Postdoctoral Research Fellow University of Wisconsin Madison, school of medicine and public health
Introduction: Although rare, intracranial hemorrhage (ICH) following durotomy during elective spine surgeries presents a serious risk to patient outcomes. These procedures carry the potential for dural tears (DT), which can result in postoperative cerebrospinal fluid leakage (PCSFL). Significant loss of cerebrospinal fluid may lead to a reduction in intracranial pressure, potentially causing ICH. There is limited literature documenting ICH as a postoperative complication in spine surgeries. This study aims to evaluate the incidence and associated risk factors for ICH in patients undergoing elective spinal procedures.
Methods: We analyzed data from the 2021 National Inpatient Sample (NIS), selecting adult patients (>18 years) who underwent spine fusion, discectomy, spinal cord decompression, and cervicothoracic or lumbosacral nerve decompression. Patients with trauma or malignancy were excluded from the study. The primary outcome measured was the occurrence of ICH. Comparative analyses and multivariable logistic regression were employed to identify independent risk factors.
Results: Out of 42,500 eligible patients, the incidence of ICH was identified in 0.09% of cases. Patients in the ICH group had significantly longer hospital stays and higher mortality rates than the control group. The occurrence of spinal cord decompression, DT, and PCSFL was notably more frequent in patients who developed ICH. Additionally, factors such as alcohol and drug abuse, along with hypertension, were significantly more prevalent in the ICH group. Independent risk factors for ICH included DT, alcohol abuse, and hypertension.

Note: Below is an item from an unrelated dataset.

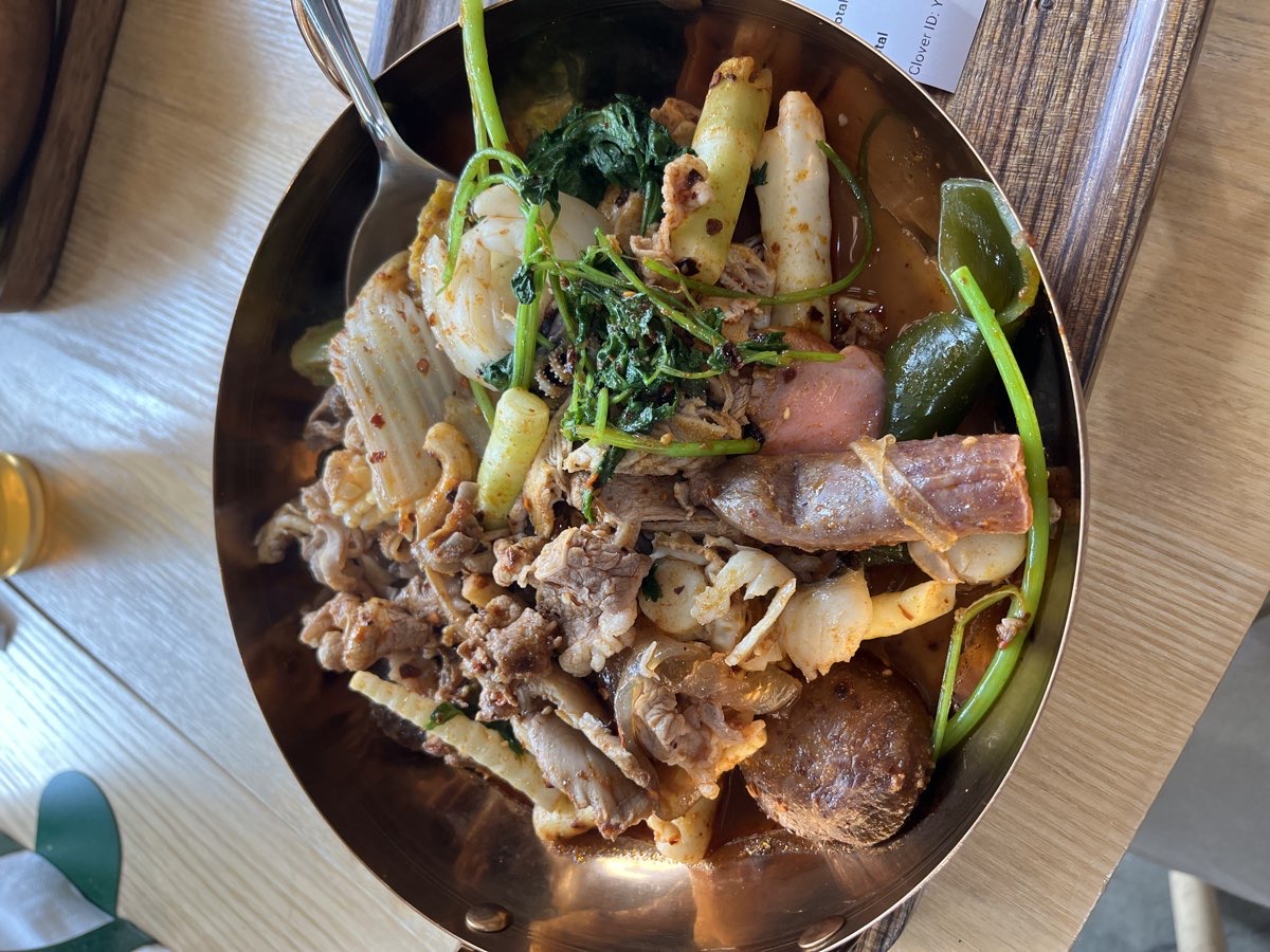 JoJo Pot is a self-serve hot pot restaurant offering a customizable dining experience. Guests select ingredients from a variety of fresh meats, seafood, vegetables, and noodles, which are then cooked in a choice of flavorful broths, including the signature pork bone and seasonal options like lobster bisque. The pay-by-weight model allows for personalized portions, and a sauce bar provides an array of condiments to enhance the meal. With its casual atmosphere and diverse offerings, JoJo Pot delivers a satisfying hot pot experience.

Conclusion : This analysis highlights the rarity yet severity of ICH following elective spine surgeries, stressing the need for heightened awareness and potential preventive strategies. The findings indicate that DT, along with patient-related factors like alcohol abuse and hypertension, are significant predictors of ICH, necessitating further attention to these risks during perioperative care.